## Exercise brief
Set down every entry exactly as given. Pictures are to be left out.

★ ★ ★ ★

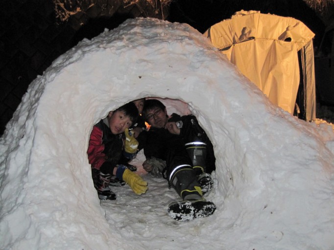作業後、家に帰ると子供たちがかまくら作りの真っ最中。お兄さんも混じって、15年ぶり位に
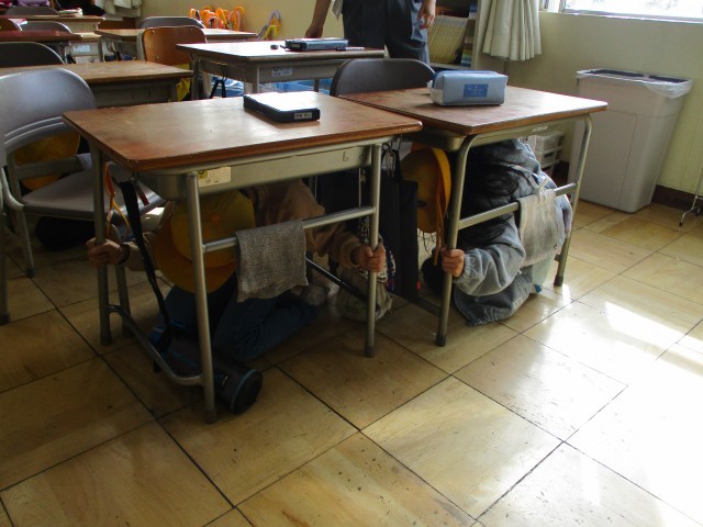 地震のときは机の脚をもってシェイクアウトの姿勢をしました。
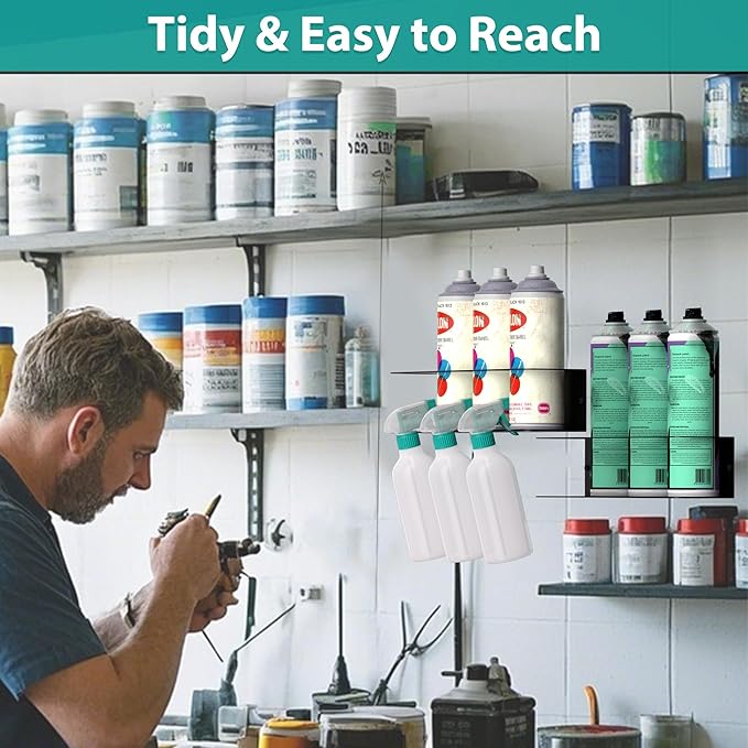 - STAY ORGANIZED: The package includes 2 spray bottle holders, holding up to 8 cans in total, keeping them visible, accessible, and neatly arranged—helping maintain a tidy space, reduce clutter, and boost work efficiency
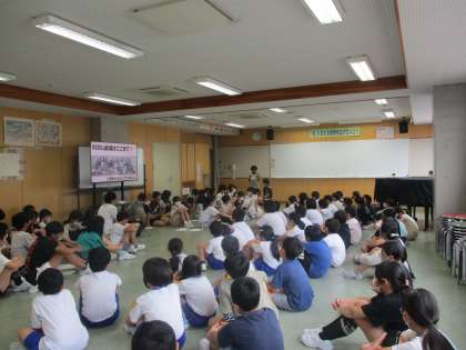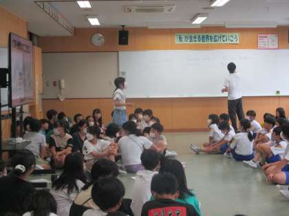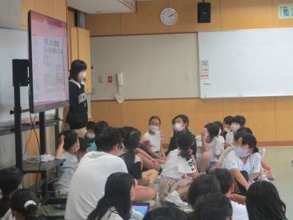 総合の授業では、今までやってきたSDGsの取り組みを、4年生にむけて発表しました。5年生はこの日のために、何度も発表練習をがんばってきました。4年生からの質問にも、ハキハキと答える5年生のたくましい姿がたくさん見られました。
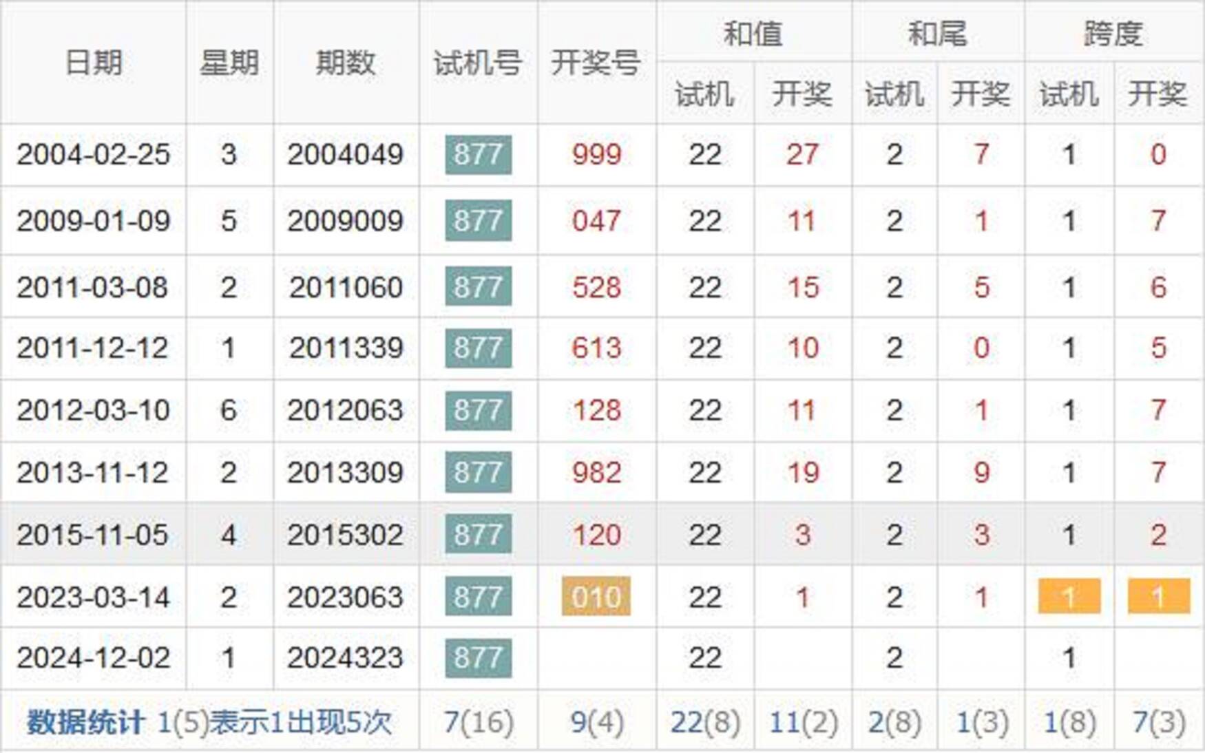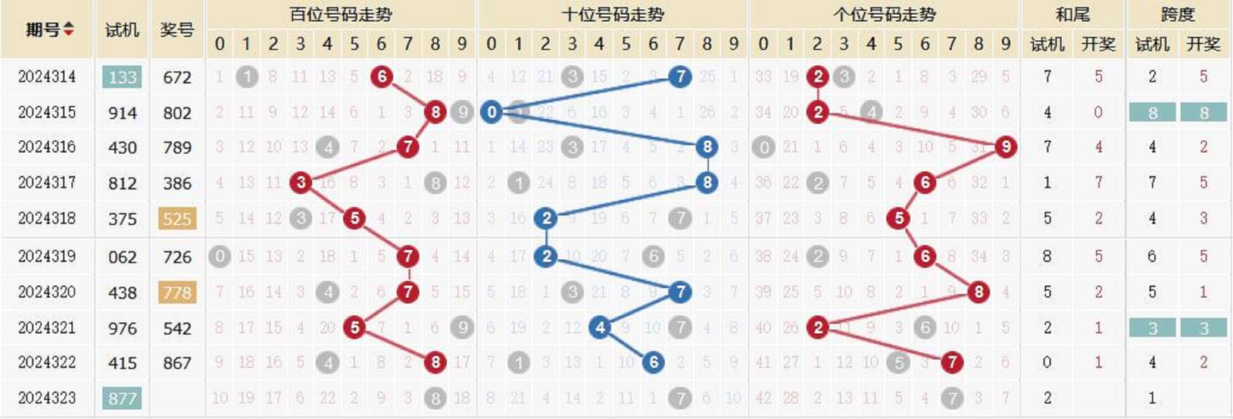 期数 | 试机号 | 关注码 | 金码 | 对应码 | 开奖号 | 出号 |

★ ★ ★ ★

## Exercise result
作業後、家に帰ると子供たちがかまくら作りの真っ最中。お兄さんも混じって、15年ぶり位に
 地震のときは机の脚をもってシェイクアウトの姿勢をしました。
 - STAY ORGANIZED: The package includes 2 spray bottle holders, holding up to 8 cans in total, keeping them visible, accessible, and neatly arranged—helping maintain a tidy space, reduce clutter, and boost work efficiency
 総合の授業では、今までやってきたSDGsの取り組みを、4年生にむけて発表しました。5年生はこの日のために、何度も発表練習をがんばってきました。4年生からの質問にも、ハキハキと答える5年生のたくましい姿がたくさん見られました。
 期数 | 试机号 | 关注码 | 金码 | 对应码 | 开奖号 | 出号 |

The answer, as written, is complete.